- _DATA PROVIDED_
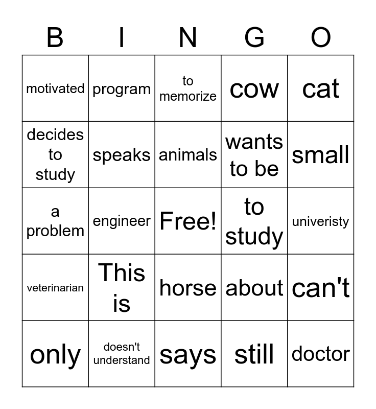 This bingo card has a free space and 24 words: This is, doesn't understand, animals, only, cat, motivated, decides to study, program, to study, horse, wants to be, a problem, about, can't, speaks, still, univeristy, to memorize, small, engineer, doctor, veterinarian, cow and says.
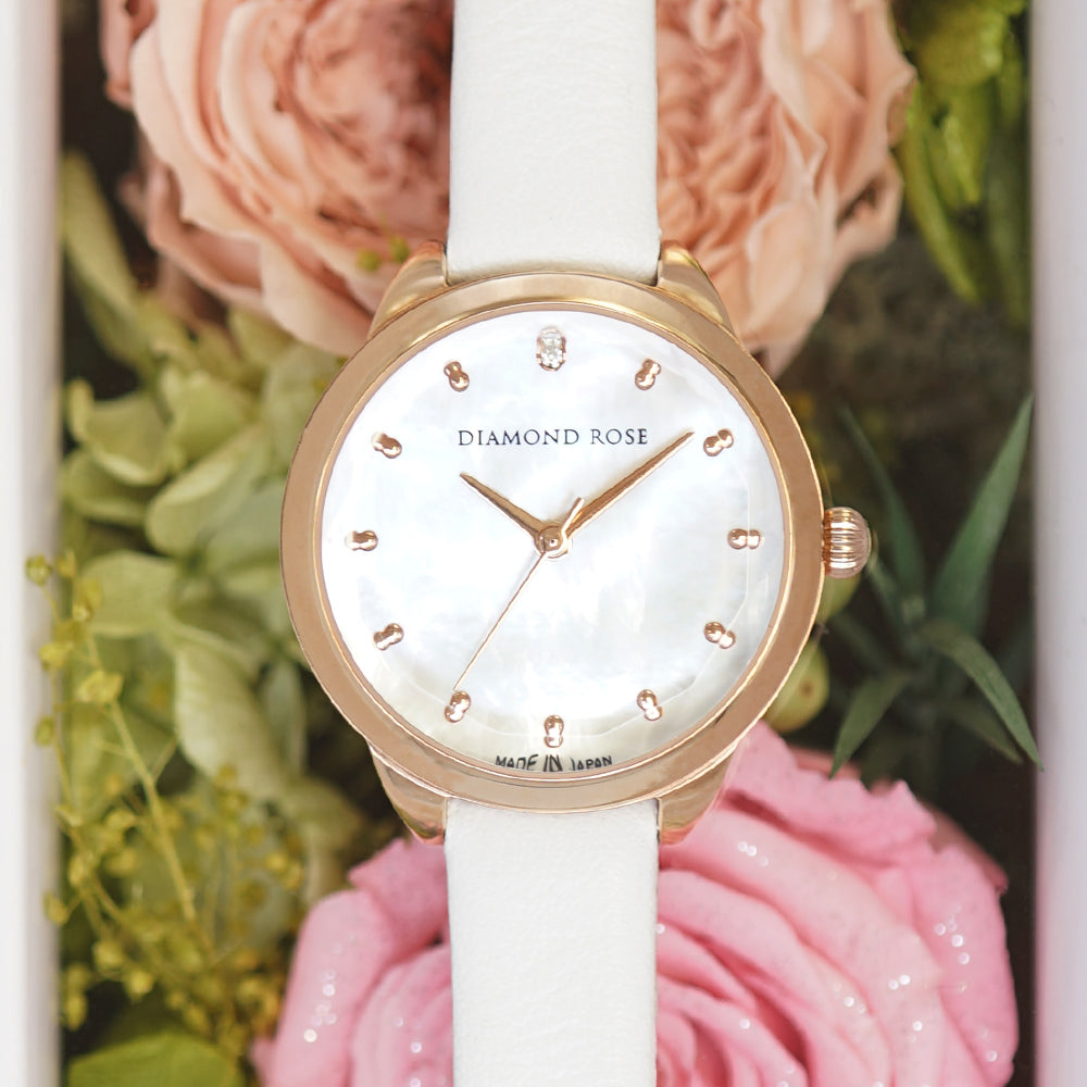 マーザーオブパールの⽂字盤/ VSクラス天然ダイヤモンド使⽤/ダイヤモンドカットガラス/日本製
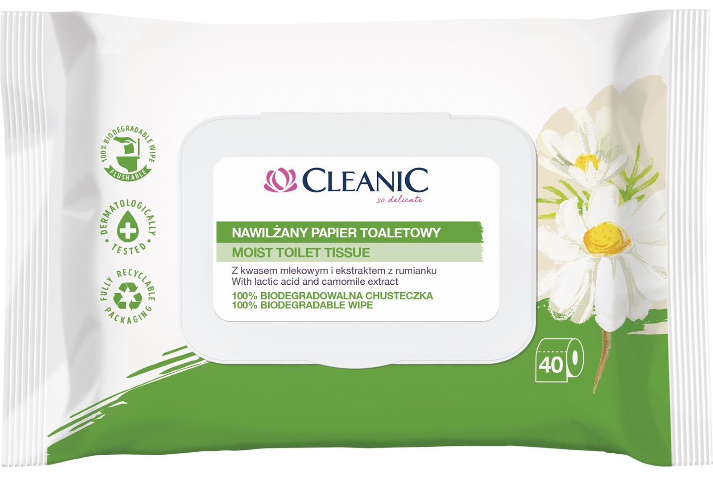 Nawilżany papier toaletowy Cleanic skutecznie oczyszcza i odświeża miejsca intymne, zapewniając uczucie komfortu przez cały dzień. Specjalnie opracowana formuła, wzbogacona ekstraktem z rumianku, łagodzi podrażnienia. To doskonałe uzupełnienie codziennej higieny.

- _EXERCISE_
Every line above should be repeated exactly; pictures stay out of the copy.

- _ANSWER TO THIS TASK_
 This bingo card has a free space and 24 words: This is, doesn't understand, animals, only, cat, motivated, decides to study, program, to study, horse, wants to be, a problem, about, can't, speaks, still, univeristy, to memorize, small, engineer, doctor, veterinarian, cow and says.
 マーザーオブパールの⽂字盤/ VSクラス天然ダイヤモンド使⽤/ダイヤモンドカットガラス/日本製
 Nawilżany papier toaletowy Cleanic skutecznie oczyszcza i odświeża miejsca intymne, zapewniając uczucie komfortu przez cały dzień. Specjalnie opracowana formuła, wzbogacona ekstraktem z rumianku, łagodzi podrażnienia. To doskonałe uzupełnienie codziennej higieny.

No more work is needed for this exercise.